Quand la littérature songe à se donner des fonctions, elle se voit volontiers aux côtés de Mnémosyne : non pas gardienne des mémoires, car il faut bien que le passé ait des qualités, assez pour se défendre tout seul, mais auxiliaire et amie, oui. Mémento ou monument, tombeau de Gautier ou notes de lecture de Laforgue, la « mère des mots » est à la manœuvre. Cela vous a bien parfois un côté « conservateur des ruines », comme on dit méchamment de Chateaubriand, mais c’est aussi un geste social, car la mémoire rassemble et fonde une communauté.

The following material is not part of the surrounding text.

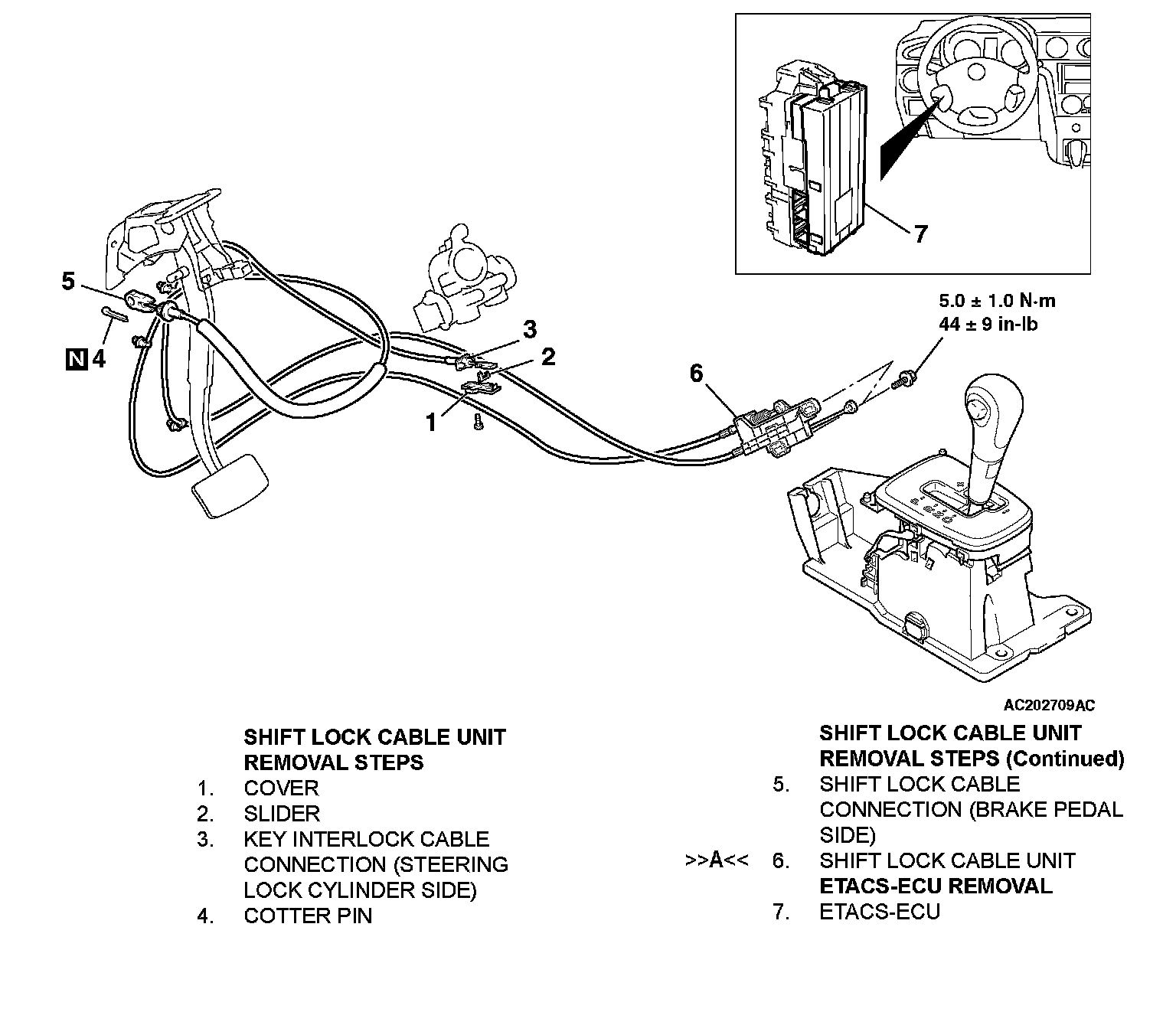 >>A<< SHIFT LOCK CABLE UNIT INSTALLATION

C’est que face au grand ciel noir intense – « là où ce rayonnement expire, où meurent les ondulations lumineuses» comme l’écrit Laforgue -, il n’y a guère que deux genres d’hommes, ceux qui sont revenus las de tout, et ceux qui n’oublient ni ne cèdent rien. Qui ne rabattent rien, malgré le temps qui passe, de leur exigence, de leur passion, de leurs amitiés. Ceux-là s’en vont de même, et le monde d’un coup semble moins habité, qu’il nous reste à peupler de paroles : en lisant les tombeaux écrits par d’autres, et en écrivant, hélas !, ceux des nôtres, lorsqu’ils nous font le mauvais coup de nous quitter. Il y a aujourd’hui une place vide dans le cénacle d’Histoires littéraires. Un hommage sera rendu dans une prochaine livraison à ce compagnon et ami, à François Caradec.